START Supplied data

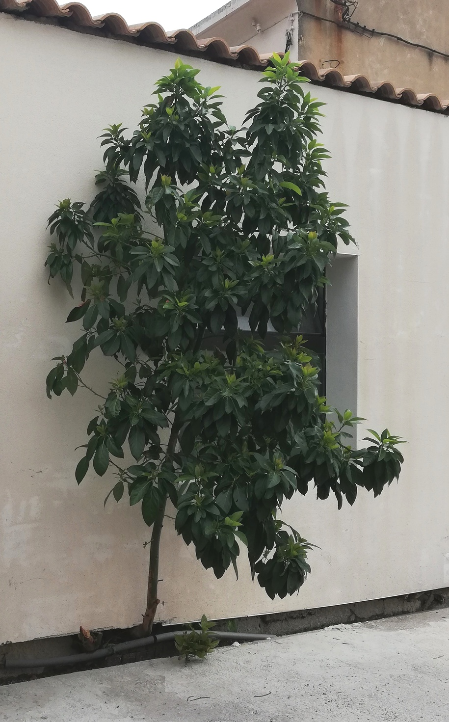 Voici un cliché d'un avocatier qui pousse dans un mur ! Il s'agit d'un avocatier fuerte qui produit de très bons fruits. L'arbre est régulièrement coupé par son propriétaire, mais depuis dix ans que je l'observe il fait de superbes rejets.
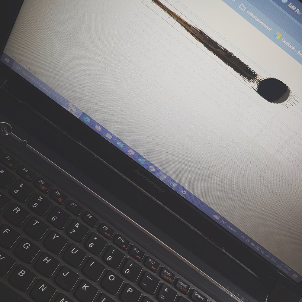 D’ailleurs, je remarque que certains pixel noir semblent migrer. Une bande qui avait été impénétrable depuis plusieurs mois revient à la vie et je peux deviner mon texte qui se déploie au fur et à mesure que les mots me coulent au bout de mes doigts. Le prix à payer semble être le trou qui lui, s’agrandit. Ben coudon! Les enfants vont continuer de trouver ça désespérant regarder les p’tits bonhommes sur le laptop *rire machiavélique* (on en reparlera des écrans)
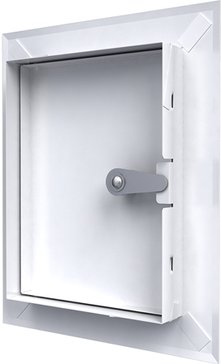 Люк-дверца ревизионный с фланцем и замком, стальной, с покрытием полимерной эмалью. Для доступа к скрытым узлам и инженерным коммуникациям.
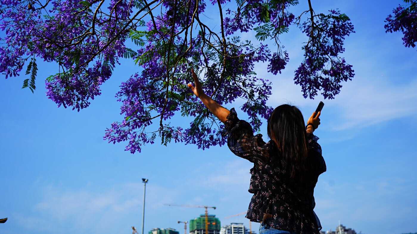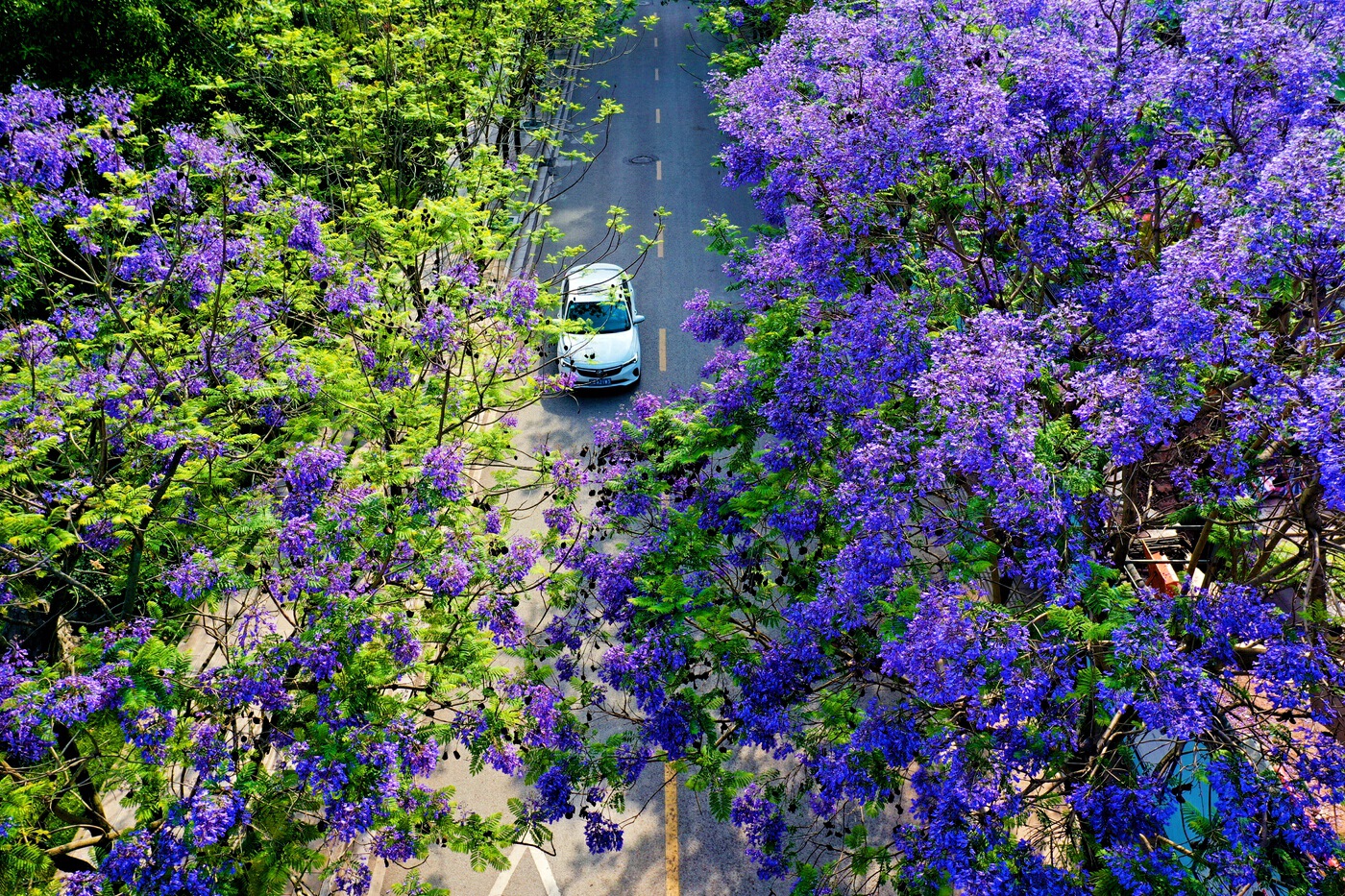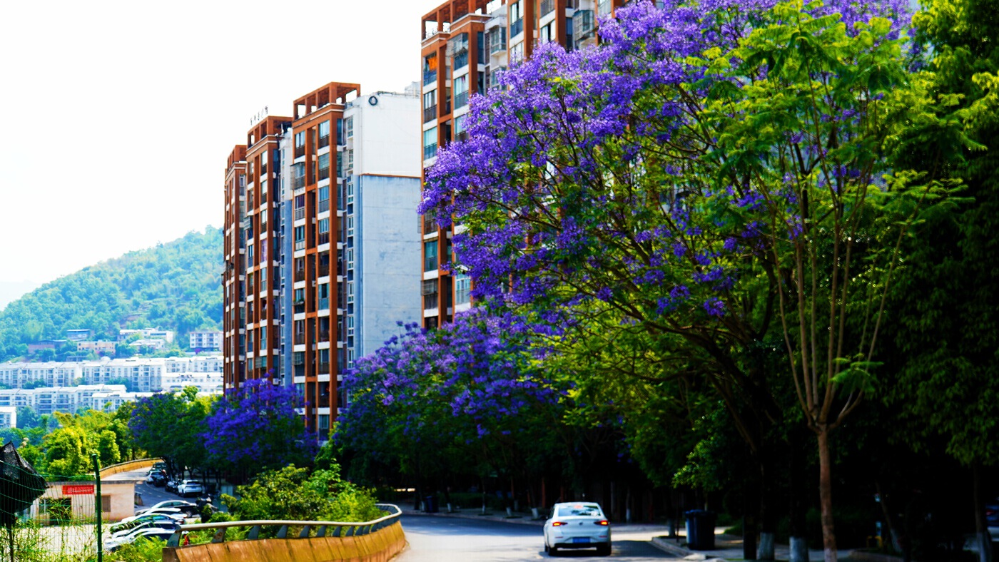 紫英轻轻,花瓣悠悠,一树一景。眼下,灿烂的蓝紫色花朵把天空和街道连成了一片宁静惬意的烟云,给滨江小城增添了一抹浪漫的景致,吸引广大居民游客们漫步花间,赏花拍照,尽情享受初夏时节的浪漫气息。

END Supplied data

Please output all the data exactly as given, with the pictures omitted.

— Task result —
 Voici un cliché d'un avocatier qui pousse dans un mur ! Il s'agit d'un avocatier fuerte qui produit de très bons fruits. L'arbre est régulièrement coupé par son propriétaire, mais depuis dix ans que je l'observe il fait de superbes rejets.
 D’ailleurs, je remarque que certains pixel noir semblent migrer. Une bande qui avait été impénétrable depuis plusieurs mois revient à la vie et je peux deviner mon texte qui se déploie au fur et à mesure que les mots me coulent au bout de mes doigts. Le prix à payer semble être le trou qui lui, s’agrandit. Ben coudon! Les enfants vont continuer de trouver ça désespérant regarder les p’tits bonhommes sur le laptop *rire machiavélique* (on en reparlera des écrans)
 Люк-дверца ревизионный с фланцем и замком, стальной, с покрытием полимерной эмалью. Для доступа к скрытым узлам и инженерным коммуникациям.
 紫英轻轻,花瓣悠悠,一树一景。眼下,灿烂的蓝紫色花朵把天空和街道连成了一片宁静惬意的烟云,给滨江小城增添了一抹浪漫的景致,吸引广大居民游客们漫步花间,赏花拍照,尽情享受初夏时节的浪漫气息。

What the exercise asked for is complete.